“Biasanya berapa lama harus menunggu untuk bisa diterima masuk bertemu kanjeng?” tanya Ki Renggo kepada salah seorang penjaga di pos paling luar.
“Wow.., jangan harap, Ki. Saya yang sudah lama jadi anggota Intijiwo saja belum pernah bertatap muka langsung, paling-paling melihat dari kejauhan sewaktu ada acara! Nah, kecuali pejabat pemerintahan atau orang-orang terkenal dan kaya raya, baru bisa bertemu kanjeng. Itu pun harus membuat janji dulu jauh hari sebelumnya!”
“Lha orang-orang ini antri untuk apa?”
“Ya macam-macam sesuai tujuan mereka datang ke sini, tapi mereka hanya akan ditemui pembantu-pembantu kanjeng! Itu sudah cukup. Setiap hari hanya dibatasi sekitar seratus orang yang akan dilayani!”

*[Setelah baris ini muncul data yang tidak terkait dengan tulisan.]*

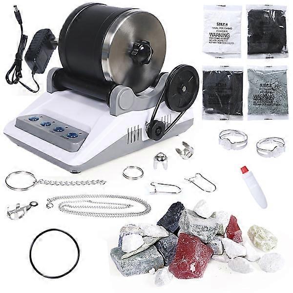 Parts List:1 x Stone Tumbler1 x Roller1 x Stone Bag (optional style and color) (inside the drum)1 x Power Adapter4 x Abrasive1 x Glue1 x Wheel Belt1 x Accessory Bag (1 large key ring, 1 small key ring, 1 necklace, 2 rings, 3 stone buckles, 2 pins)1 x User ManualHighlight [Grind Your Own Gemstones] Rolling stones is a very popular hobby for children and adults. This professional stone polisher makes polishing easier in a fun way and turns rough stones into beautifully polished gemstones.[Easy to Use] You can set any grinding time from 1-7 days with one button, or you can stop and continue working with one button. When the set working time is finished, the stone grinder will stop automatically. The leak-proof rubber jug reduces noise, and the overall noise level is 75% lower than the plastic jug. [Educational and Scientific Toys] Children can collect all kinds of rocks outdoors and grind them into attractive diamonds by machine. During the grinding process, they can cultivate their curiosity and observation, and children can also experience the joy of work. [Durable Polishing Machine] Our polishing machine uses a high-quality motor that is durable and can work continuously for a long time. Suitable for children's DIY activities. [Perfect Gift] This is a science education kit for all genders and ages that develops a love of science, geology and mineralogy in a fun and exciting way. Perfect for birthday, Christmas and other holiday gifts. Detailed Name: Rock Tumbler Kit Product Material: ABS, Metal Product Size: 2114,516.6cm Applicable Age: 8+ Voltage: 100-240V Color: Black Notes: 1. Due to the difference between light and screen settings, the color of the item may be slightly different from the pictures. 2. Please allow slight dimension deviation due to manual measurement. [Grind Your Own Gemstones] Rolling stones is a very popular hobby for children and adults. This professional stone polisher makes polishing easier in a fun way and turns rough stones into beautifully polished gems. [Easy to use] You can set any grinding time from 1-7 days with one button, or you can stop and continue working with one button. When the set working time is finished, the stone grinder will stop automatically. The leak-proof rubber jug reduces noise, and the overall noise level is 75% lower than the plastic jug. [Educational and scientific toys] Children can collect all kinds of stones outdoors and grind them into attractive diamonds by machine. During the grinding process, they can cultivate their curiosity and observation, and children can also experience the joy of work. [Durable Polisher] Our polisher uses a high-quality motor that is durable and can work continuously for a long time. Suitable for children's DIY activities. [Perfect Gift] This is a science education kit for all genders and ages that develops a love of science, geology and mineralogy in a fun and exciting way. Perfect for birthday, Christmas and other holiday gifts.\" When shopping, please pay attention to the size and dimensions of the product to ensure that it meets your needs. In the title and description, we have provided detailed information about the product, including its features and specifications. We want you to be completely satisfied with your purchase, so if you have any questions or concerns, please do not hesitate to contact us. We are here to help and do our best to help you. Thank you for choosing our product. We hope you like it!

“Kalau mau jadi anggota murid Intijiwo, apa juga harus antri?”
“Yaa.., memang harus sabar Ki sanak. Bahkan ada yang sudah menunggu selama sebulan dan belum diterima masuk, apalagi mau daftar menjadi murid Intijiwo!” Penjaga bernama Gento itu menuturkan dengan ramah. “Ki sanak dari mana?”
“Saya dari Banyuwangi! Nama saya Renggo!”
“Wah jauh sekali!” seru Cak Gento kagum. Ia lalu mempersilakan Ki Renggo duduk di dalam dan menawarkan beberapa potong singkong rebus. Perasaannya mengatakan orang baru itu memiliki sesuatu yang istimewa.
Ki Renggo suka dengan sikap penjaga yang ramah itu. Mereka segera terlibat perbincangan yang mengasyikan, bagaikan dua sahabat yang lama tidak berjumpa.
Dari situ, Ki Renggo mendapatkan gambaran awal mengenai Kanjeng Wotwesi dan Intijiwo. Ada tujuh tingkatan dalam Intijiwo yang masing-masing tingkatan memiliki tanda khusus. Tingkatan itu juga akan tampak jelas ketika ada acara ritual atau perayaan. Semakin dekat tempatnya dengan Puri Intijiwo, kediaman Kanjeng Wotwesi, berarti semakin tinggi tingkatannya. Masing-masing tempat tingkatan dijaga ketat, sehingga tingkat bawah tidak mungkin bisa menyusup ke tingkat di atasnya.
“Berapa lama biasanya seorang murid bisa mencapai tingkat tujuh?” tanya Ki Renggo.